Current theories of intelligence admit a non-Freudian unconscious. If you are interested in this “new unconscious”, you can read the works of John Bargh. This expression designates the set of operations through which the brain captures and manages information. We’re slowly figuring out how it does it, but it’s as opaque as GPT programs. What happens is that the human brain has invented a security system that allows it not to trust this portentous work of our “cognitive unconscious”. Part of its results pass to a conscious state and from this we can subject them to a reliability test. Where did you get the data from? How do we know if the process is reliable? Can we reproduce it? Artificial intelligence does not have this top layer and we have to provide it. Daniel Kahneman, Nobel laureate in economics, has called these two levels of human intelligence System 1 (not conscious, automatic, fast, effective, but unreliable) and System 2 (reflective, rational, slow, reliable). In my books I defend a similar theory of intelligence, but I call these levels “generative or computational intelligence” and “executive intelligence”.

I will give an example of this model of dual intelligence. Henri Poincaré, considered the greatest mathematician of his time, explained that, tired of trying to solve a complicated problem, he decided to quit his job and distract himself with a trip. At one point during the excursion, when he was not thinking about the equations, the solution appeared in his consciousness. That spontaneous appearance intrigued him. If he hadn’t been consciously thinking about the problem, who had solved it? His conclusion was that it had been his tireless “cognitive unconscious”, which he considered, from then on, the source of mathematical creations. There was, however, a problem. These creations could be wrong. It was necessary to subject them to conscious criticism before accepting them as true.

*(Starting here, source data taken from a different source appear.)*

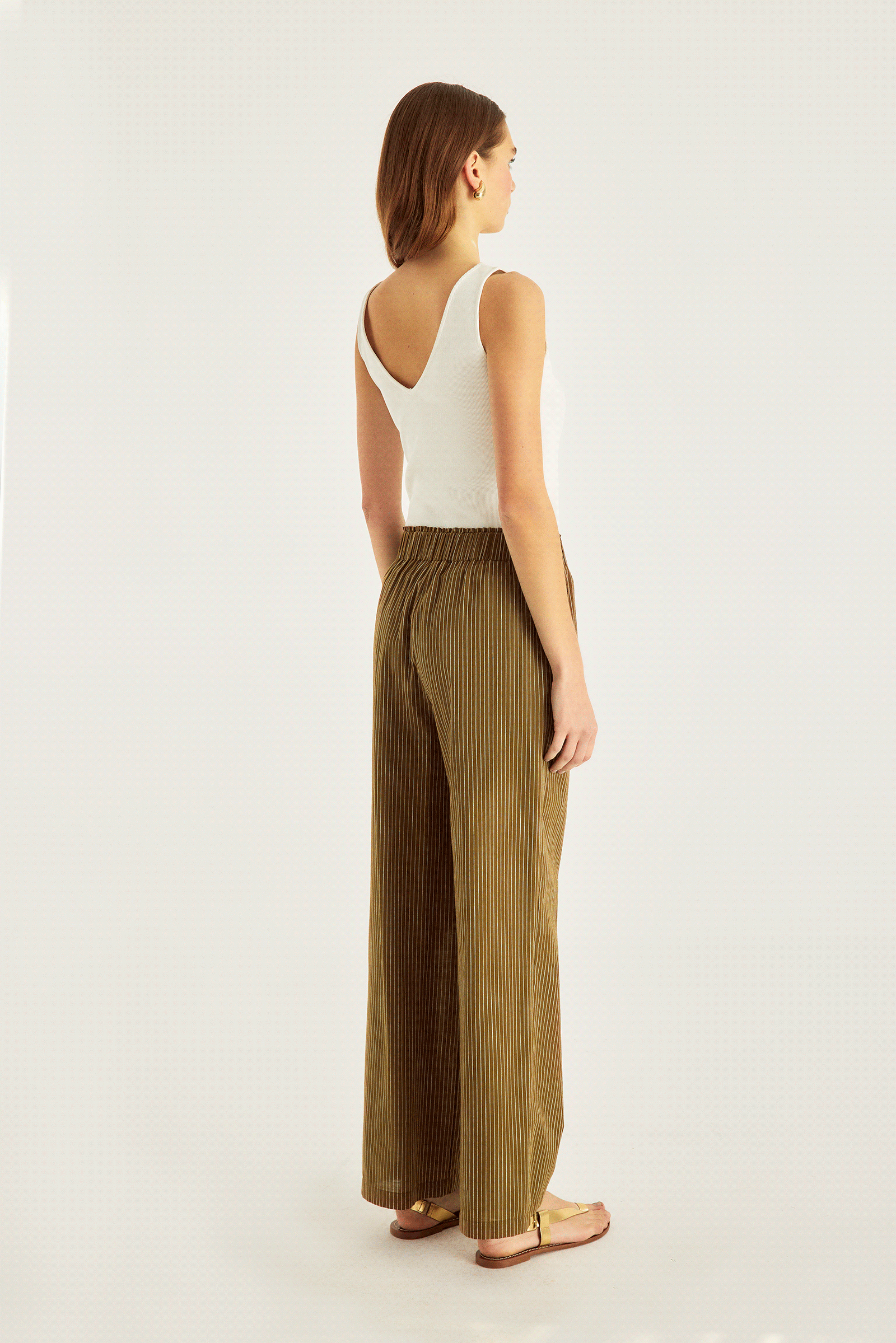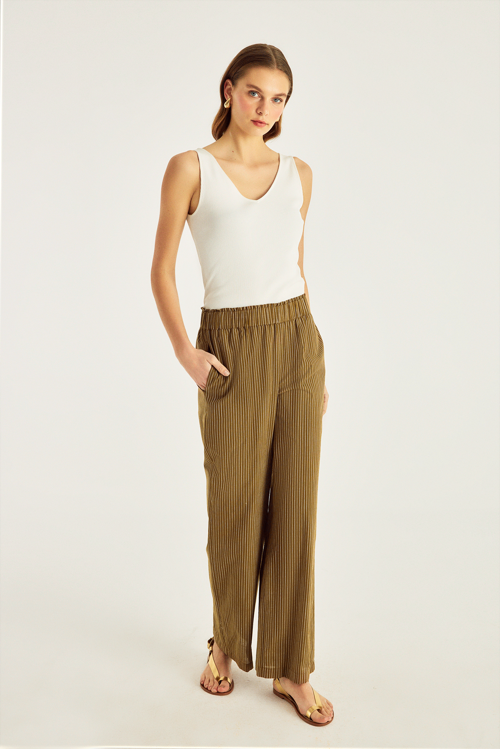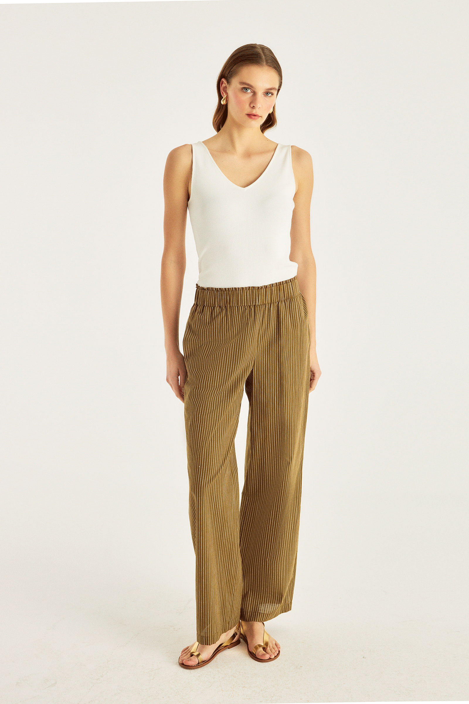 Beli Lastikli Çizgili Pantolon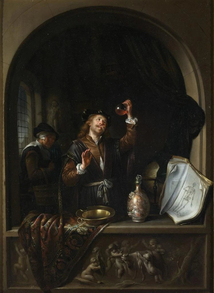Gerrit Dou, geboren 1613 in Leiden, ist ein bedeutender niederländischer kunstdruckmaler des 17. Jahrhunderts, der oft mit der Leiden-Schule der Malerei in Verbindung gebracht wird. Schüler Rembrandts, entwickelte er einen einzigartigen Stil, der durch eine sorgfältige Aufmerksamkeit für Details und eine außergewöhnliche Beherrschung des Lichts gekennzeichnet ist. Dou malte hauptsächlich Genreszenen, die das tägliche Leben und menschliche Interaktionen in den Vordergrund stellen. Sein Einfluss auf die niederländische Kunst ist unbestreitbar, und seine Werke werden weiterhin für ihre Fähigkeit bewundert, flüchtige Momente mit bemerkenswerter Präzision einzufangen. Durch seine Gemälde bietet er einen faszinierenden Einblick in die Gesellschaft seiner Zeit.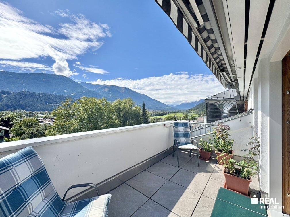 Hochwertige 3-Zimmer-Dachgeschosswohnung mit PanoramablickDiese großzügige Dachgeschosswohnung bietet auf 76,87 m² Wohnfläche helle Räume, eine durchdachte Grundrissgestaltung und hochwertige Materialien.Der Grundriss umfasst ein lichtdurchflutetes Wohnzimmer mit offener Küche und direktem Zugang zum sonnigen, süd-ost-westlich ausgerichteten Balkon. Zwei Schlafzimmer – teils mit Dachschrägen –, ein modernes Badezimmer, ein Abstellraum sowie ein einladender Eingangsbereich runden das Raumangebot ab. Ein Kellerabteil im Untergeschoss ist im Kaufpreis enthalten. Zusätzlich kann eine geflieste Doppelgarage mit Wasseranschluss zum Aufpreis von € 50.000,- dazuerworben werden. Ein riesiger Gemeinschaftsgarten bietet zusätzlichen Freiraum und Platz für entspannte Stunden mit Familie und Freunde.Die Wohnung wurde teilweise saniert: Bad, Küche, sämtliche Fenster, Böden, Türen, die Terrasse sowie die Möblierung. Die Ausstattung verbindet moderne und traditionelle Elemente. Hochwertige Fliesen, Parkett und Vollholz-Böden sorgen dabei für eine ansprechende Optik und ein angenehmes Wohnklima. Beheizt wird die Wohnung über eine zentralisierte Öl-Heizung sowie einen zusätzlich eingebauten Speckstein-Holzofen.Bei Interesse stehe ich Ihnen gerne zur Verfügung und sende Ihnen unverbindlich ein umfangreiches Exposé zu.Alexander Eisendle

This is our situation in the face of artificial intelligence. If we want to be rigorous, we will have to corroborate in some way the reliability of their results. This requires strengthening critical thinking. The more powerful the AI ​​mechanisms, the more powerful the critical thinking that evaluates them must be. In the same way that Freud wanted to bring his patients to the couch to try to discover the origin of their dreams or their ideas, we will have to bring AI to the psychoanalyst.

The great danger is the laziness of human intelligence. AI’s displays are so prodigious that we can delegate essential functions to it. Harari and Fukuyama fear an intoxication of “facility”. In the intellectual world we are, in fact, witnessing a weakening of critical thinking, which makes us more dependent on machines. We fall into a naive error if we imagine this situation as a science fiction movie in which humans will end up being serfs of the machines. No. Humans can only be serfs to other human beings who use the machines.

Despite the progress of “autonomous systems”, their autonomy is limited, not only for reasons of the energy supply they need, but because their preference systems must be designed by humans, as I mentioned before. What we call artificial intelligence is actually a hybrid of a machine and a human component. We must not fall for the scam of the autonomy of artificial intelligence, because if we end up convincing ourselves that machines are autonomous and all-powerful, we will provoke a “prophecy that is fulfilled by the fact of enunciating it”. We will tremble before the machines, instead of trembling before the people who use the machines. In other words, we will leave the field free for them.